|
From: Vladislav Y. <vl...@so...> - 2021-10-20 15:12:49
|
Hi,
I am using Valgrind 3.17.0 and noticed a strange behavior while running a
code compiled with clang:
#include <cmath>
#include <cstdio>
int main() {
long double x = std::cbrtl(0.0L);
printf("%Lf", x);
return 0;
}
This example gives complete wrong output:
clang++ cbrtl.cpp -o cbrtl && valgrind ./cbrtl
==338929== Memcheck, a memory error detector
==338929== Copyright (C) 2002-2017, and GNU GPL'd, by Julian Seward et al.
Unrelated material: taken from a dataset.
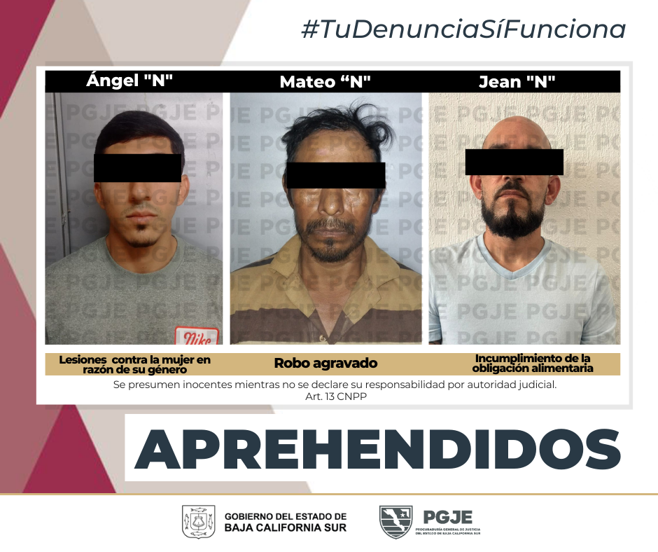 En seguimiento a investigaciones en torno a denuncias por diversos hechos ilícitos,agentes de investigación de la Procuraduría General de Justicia del Estado (PGJE), realizaron operativos, mediante los cuales se aprehendió a 3 personas del sexo masculino en La Paz y Los Cabos.

==338929== Using Valgrind-3.17.0 and LibVEX; rerun with -h for copyright
info
==338929== Command: ./cbrtl
==338929==
-0.178840
==338929==
==338929== HEAP SUMMARY:
==338929== in use at exit: 0 bytes in 0 blocks
==338929== total heap usage: 2 allocs, 2 frees, 73,728 bytes allocated
==338929==
==338929== All heap blocks were freed -- no leaks are possible
==338929==
==338929== For lists of detected and suppressed errors, rerun with: -s
==338929== ERROR SUMMARY: 0 errors from 0 contexts (suppressed: 0 from 0)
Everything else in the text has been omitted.